MDM528 COMPRESSIBLE FLUID FLOW
| Course Code: | 8760528 |
| METU Credit (Theoretical-Laboratory hours/week): | 3 (3.00 - 0.00) |
| ECTS Credit: | 8.0 |
| Department: | Mechanical Design and Manufacturing |
| Language of Instruction: | English |
| Level of Study: | Graduate |
| Course Coordinator: | |
| Offered Semester: | Fall and Spring Semesters. |
Course Objectives
At the end of this course, the student will understand the physical mechanism of compressible fluid flow.
At the end of this course, the student will understand the principles of one-dimensional compressible flows with area change and its practical applications.
At the end of this course, the student will understand the principles of one-dimensional compressible flows involving normal shock waves and its practical applications
At the end of this course, the student will understand the principles of one-dimensional compressible flows with friction and its practical applications.

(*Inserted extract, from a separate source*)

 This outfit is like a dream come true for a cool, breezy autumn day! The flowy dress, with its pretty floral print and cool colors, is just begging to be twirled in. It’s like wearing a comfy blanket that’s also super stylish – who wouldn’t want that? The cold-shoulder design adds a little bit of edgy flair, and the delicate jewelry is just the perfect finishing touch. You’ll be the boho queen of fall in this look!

At the end of this course, the student will understand the principles of one-dimensional compressible flows with heat transfer.

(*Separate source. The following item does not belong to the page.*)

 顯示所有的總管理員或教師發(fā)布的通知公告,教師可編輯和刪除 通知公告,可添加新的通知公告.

At the end of this course, the student will understand the principles of two-dimensional supersonic flows and its practical applications.
At the end of this course, the student will understand the theory of method of characteristics.

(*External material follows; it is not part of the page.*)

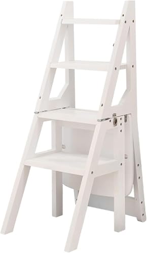 Chaise D’échelle De Bibliothèque Pliante en Bois, échelle De Bibliothèque à 4 étapes, Chaise Pliante Convertible Tabouret D’Affichage pour Adultes Bureau Maison Cuisin, White

At the end of this course, the student will understand the principles of one-dimensional unsteady flows and its practical applications.
Course Content
Isentropic flows,normal shock Waves,flow in constant are ducts with friction,flow in ducts with heating and cooling,steady and two-dimensional supersonic flows,wave propagation,multi-dimensional equations of gas dynamics,flow with small perturbations,methods of characteristics,solution of unsteady one-dimensional flows.
Course Learning Outcomes
Ability to distinguish incompressible and compressible flows.
Ability to understand the wave propagation phenomenon in subsonic, sonic and supersonic flows.
Ability to solve one dimensional compressible flow problems involving area change.
Ability to solve one dimensional compressible flow problems involving stationary, moving and reflected shock waves.
Ability to analyze converging and de Laval nozzles.
Ability to solve one dimensional compressible flow problems with friction.
Ability to solve one dimensional compressible flow problems with heat transfer.
Ability to analyze one-dimensional unsteady flows using method of characteristics.
Ability to solve two dimensional compressible flow problems involving oblique shock waves, Prandtl-Meyer expansion waves.
Ability to analyze overexpansion and underexpansion flow regimes in de Laval nozzles and airfoils.